Foxtail plants can be risky for your dog. The barbed seed heads of the foxtail plant can work their way into any part of your dog or feline, from the nose to between the toes and inside the ears, eyes, and mouth. They can even dig themselves directly into a spot of skin.
The foxtail plant is a grass-like weed. It is primarily found in the Western half of the U.S.
The threat of foxtails surpasses primary inflammation. Because these tough seeds don’t break down inside the body, an embedded foxtail can result in major infection for your dog. It can even result in death if left without treatment. The seeds can be hard to discover in your dog’s fur.
So how can you tell if your pooch has a foxtail that’s causing issues? If you find a foxtail should you extract it? So when is it time to call a vet?
Symptoms Your Dog Has Foxtails in a Paw or Other Body Parts
Foxtails travel. Moving non-stop forward, never back, they can migrate from inside your dog’s nose to its brain. They can dig through the skin or be inhaled into – and after that perforate – a lung.
Embedded foxtails can cause discharge, abscesses, swelling, pain, and death. If your dog is displaying any of the following symptoms, check for foxtails or talk with your vet:
- Feet. Foxtails like your dog’s feet and can quickly become embedded in between tender toes. Check for foxtails if you discover swelling or hopping or if your dog is constantly licking the area.

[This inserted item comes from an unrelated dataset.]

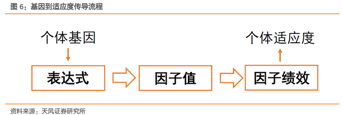 我们将因子表达式作为个体基因,通过因子表达式可计算具体因子值。因子挖掘的目标是寻找具有显著alpha的选股因子,因此我们通过因子的选股绩效度量个体适应度,进而让因子种群朝着“alpha”的方向进化。
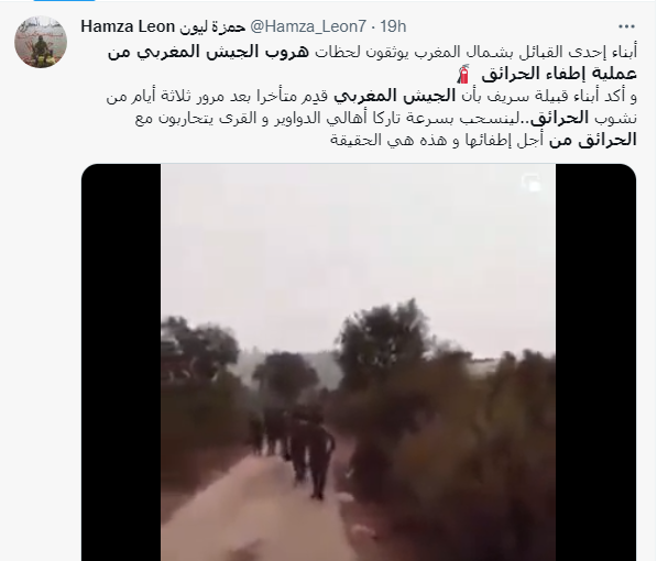 تداول مستخدمون لمواقع التواصل الاجتماعي، مقطع فيديو يظهر هروب عدد من أفراد الجيش المغربي، من عمليات إخماد النيران التي نشبت في شمال البلاد.

- Ears. If your pooch is shaking his head, tilting it to the side, or scratching nonstop at an ear, this could be the sign of a foxtail – one that may be so deep inside the ear canal you can’t see it. Your veterinarian needs to have a look using a different scope.
- Eyes. Redness, discharge, swelling, squinting, and pawing all may be signs your dog has a foxtail lodged in its eye. If you think this might hold, seek veterinary care right away.

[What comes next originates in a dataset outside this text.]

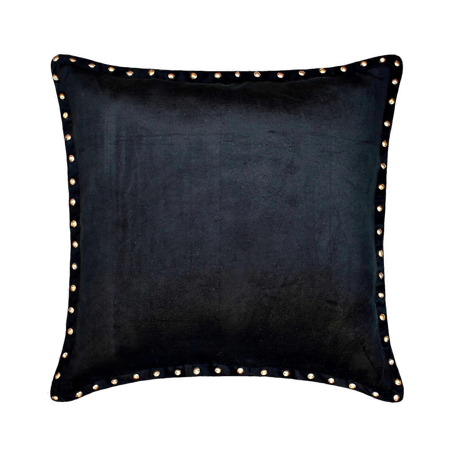 Decorative Black 16"x16" (40x40 cm) Throw Pillows, Velvet Border & Sequins Throw Pillows For Couch, Solid Color Pattern Modern Style - Blagden

- Nose. If you see discharge from the nose, or if your dog is sneezing regularly and extremely, there may be a foxtail lodged in a nasal passage.
- Genitals. Foxtails can discover their way into these areas, too. So if you see your dog persistently licking at its genitals, foxtails could be the cause.
If the foxtail is visible, you might pull it out by hand or with blunt tweezers. Feeding the dog bread may force the seed to move through the throat and into the stomach. In any case, see a veterinarian for follow-up.
Preventing Foxtail Problems in Dogs
Any dog can get foxtails in the ears, nose, eyes, or mouth. However, dogs with long ears and curly hair can be especially susceptible to foxtail issues. Avoid issues by:
- Analyzing your pet’s coat throughout foxtail season – usually May through December – specially if you’ve gone strolling in open fields. Brush your dog as required, looking especially carefully for pointy foxtail awns in your dog’s thick or feathery fur.
- Examine your puppy’s face and ears thoroughly for foxtails. Do not forget to look in and around your pooch’s mouth and gums.
- Carefully check your dog’s paw pads for foxtails– particularly between the toes.
- Use tweezers to get rid of any foxtails you can quickly get to. However, if a foxtail is deeply ingrained, or if the area around it is red or swollen, call your veterinarian immediately. Keep in mind, foxtails will not come out by themselves, and they can burrow into the brain, spine, eardrums, lungs– actually, anywhere.
The most convenient way to prevent foxtail problems is to keep your dog out of large, grassy areas. It would be best if you also pulled out any foxtail plants you find in your lawn. Likewise think about trimming your dog’s hair throughout foxtail season, particularly if it tends to get foxtails in one spot persistently.